Het volk dat in donkerheid wandelt  en het land dat in diepe duisternis gehuld is, zal een groot licht zien. (Jes.9:1) De eerste grote duisternis is de verduistering van het volksbestaan. Het volk wordt bedreigd door het wrede Assyrië.(zie Assyrie (2) Confrontatie)

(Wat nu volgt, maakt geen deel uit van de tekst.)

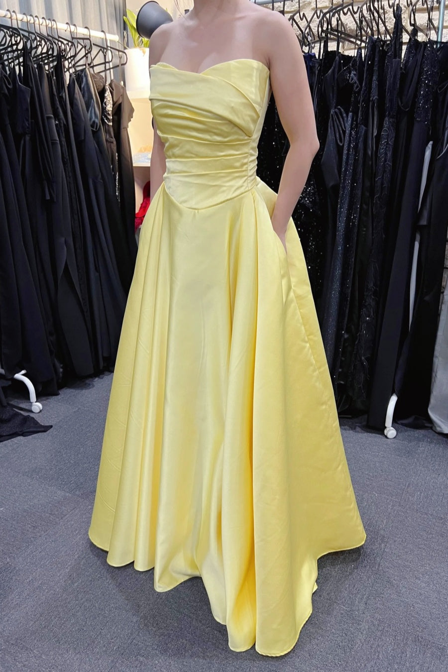 Yellow Strapless Satin A-line Long Formal Gown
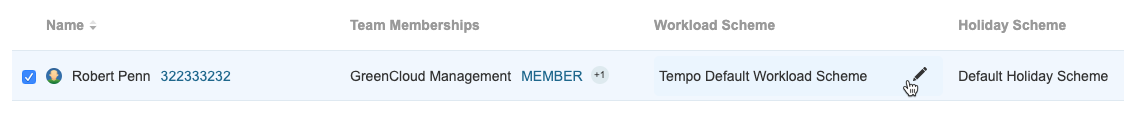 You can quickly change the workload or holiday scheme for a single employee by clicking the Workload Scheme or Holiday Scheme for the user you need to move, select the new workload or holiday scheme, and then click Move to confirm.

Sanherib had inderdaad een voet die dreunend stampt. Israël  moest al een tribuut betalen aan Sanherib,  Lachis in Juda is gevallen (zie daar)en nu was er een aanhoudende dreiging van een volledige bezetting. Ook in Juda! Vandaar dat de zoon van Achaz, koning Hizkia enkele jaren later een tunnel liet graven om de watervoorziening  van Jeruzalem veilig te stellen. Voor Achaz was de politieke situatie in die dagen zeer verontrustend. Niet alleen was er de voortdurende bedreiging van de Assyriërs, maar ook Syrië en Juda willen Achaz met geweld dwingen mee ten strijd te trekken tegen Assyrië.

 

Van binnenuit

 

Daarnaast is er een bedreiging van binnenuit. Het volk wil de geesten der doden raadplegen en de waarzeggers van de heidense volken om advies vragen. (Jes. 9 :19).Het volk dat in duisternis rondwandelt bestond vooral uit de nakomelingen van Zebulon en Naftali. Die stammen leefden onder de rook van de Fenicische steden Tyrus en Sidon met de hete adem van de Baaldienst in hun nek.(zie  Izebels zegel!!) “En wanneer men tot u zegt:Vraagt de geesten van doden en de waarzeggende geesten-  Zal men voor de levenden de doden vragen? (Jes. 8:19) Tegen die achtergrond moeten  we de profetische woorden plaatsen: “Het volk dat in donkerheid wandelt, zal een groot licht zien.” –(Zie ook Endor/Dodencultus en Endor Bezwering).-

Naast de politieke duisternis is er dus de geestelijke duisternis. Maar de adventsboodschap luidt “Het volk dat in donkerheid wandelt (politiek en geestelijk) zal een groot licht zien (Jes. 9:1)” De diepste  vervulling van dit profetische woord vinden we in de grote Zoon van David, de Messias.